Saturday, April 11, 2009

Driving in China

As a long time “car-nut”, I always notice the particular vehicles in the countries I visit. I filled a media card in Cuba taking pictures of all the old cars, I enjoyed the old Volkswagens in Brazil and Mexico, and was fascinated by the way Japan has embraced the downsized cars, as well as their unique “Chopperized” scooters. I had not idea what to expect in China.

The first thing I noticed is that there are NO old cars at all. Everything is relatively new, I'd say most are less that five years old. I thought I might see some older communist era vehicles, or some older Japanese cars, but everything is new. This might be because I am living in a very modern area with lots of upwardly mobile successful people, who can afford new cars, but you would think there would be an occasional old car. The other thing is that there is very little individualization of cars. I do not see many options added, fancy paint, racing wheels – no customs at all. Really, other than seeing some models I have not seen before, the automotive scene in China is pretty boring.

I was also surprised at the amount of cars from Europe. I would have expected lots of Toyota, Honda Nissan, Mazda, and Hyundai, but although there are lots of the Asian brands, the Europeans certainly seem to have the market share. Almost all the taxies are Volkswagens, and the brands Audi, Mercedes-Benz, Volkswagens, Peugeot, and Citroen all seem to do well here. I saw one Cadillac, one Chevrolet, but all kinds of Buick – what is that all about? There were also some brands I did not recognize, assuming them to be home grown Chinese makes.

Now if the vehicles are not particularly exciting, I'd say driving certainly is. The road system is really very good, and their traffic lights are the best I have ever seen. Every light has a counter, that tells you exactly how many seconds you have remaining to get through the intersection. This makes it easy to know how long you have to wait for the light to change. Even the turning arrows have separate counters. Those red lights back home seem to take forever to change, but here I see that the longest you have to wait is about 30 seconds. Now this is a good idea – no actually it is a great idea, but it would help if the drivers actually followed the lights. Because you can see when the light is gong to change, drivers leave early, and many keep coming through the light even thought they can see they only have 2 seconds left. Fortunately I did not see much speeding, which is good, because there was lots of very slow drivers. I suspect that there are many new drivers who are not really that confident, so they drive slowly. Parking is obviously not included in any of he driving lessons. Drivers park anywhere, often double parking, and parking on the wrong way on a one way street – did he back all the way down there? Corners seem to be a favourite place to park; just nose into the curb and get out. Perhaps it is then harder for anyone to park behind you.

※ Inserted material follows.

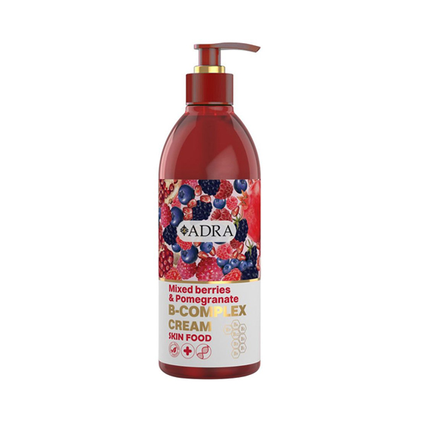 کرم مرطوب کننده دست و بدن بلوبری، تمشک و انار آدرا حجم 350 میلی لیتر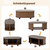 STILVORA Sideboard mit Schiebetüren,Ovaler Sofatisch Kaffeetisch mit Kugelform-Tischbeine (Satztisch, Wohnzimmertisch Beistelltisch, 1 St., 2 Schiebetür), ovale Form, Vertikale gestreifte Schranktüren

The horn seems to be the most important part of vehicles here in China. Everyone makes maximum use of their horns to warn people where they want to go. When overtaking another vehicle, they lay on the horn to get the slower vehicle to move out of the way, and even if they are turning on a red light, they blast the horn if someone is in their way. Of course the interesting thing is that because everyone is constantly blowing their horn, no one listens to them. On a bus ride from the airport, the driver would madly flash his lights and blast the horn when a vehicle was in his lane, but he always had to change lanes and find a way around, because I never saw anyone actually respond to the horns. It just seems to be habit now.

Drivers do not seem to look where they are going. When they want to pull into the road they just pull out. I have almost hit a couple of cars while riding a bike, as they turned corners or pulled out of driveways, and the rule of “catch the driver's eye” is useless, because they all just seem to look only forward. I noticed this particularly when walking. Even if you have a “walk” signal, drivers will look straight ahead, ignoring pedestrians. The “walk” signals certainly do not mean it is safe to cross.

Now if the cars are not particularly interesting, the scooters and bicycles more than make up for them. Here is where you see the old vehicles. There are probably more scooters in China than there are cars, and the variety is amazing. You can buy them for less than $1000.00 and they come in every imaginable colour from pink to lime green. Most of them are electric, and there are very few gas motorcycles. They vary from simple bicycles with electric motors added, to fancy high end models with plastic wind shields & skirts, wooden floorboards, and chrome wrap-a-round bumpers. You see anyone riding them, from young people, to grandmothers, city workers, to business women in fancy suits and high heels. They do not drive on the main roads, sharing special lanes with bicycles, and I don't even think they need to be licensed or registered, as they all seem to have the licence plates I saw on the showroom models.

One of the first things you learn when arriving in China is to watch out for the scooters. Pedestrians have to be very careful. Crossing a road involved first getting across the bicycle/scooter lane before you can even think about the cars. These scooters run so quietly you cannot hear them coming, and they can go quite fast. In addition, they do not seem to follow any traffic rules. They go through red lights, turn against the lights, and even drive down the bike lane on the wrong side of the road. Looking at the condition of some of them I'd say this is a problem for them as well – many are scraped, bent, cracked, and dented. Looking over the rows of them locked up in parking areas all over the city, very few are without some damage.

I brought my international driver's licence, thinking I might want to rent a car. I think for now I'll stick to two feet.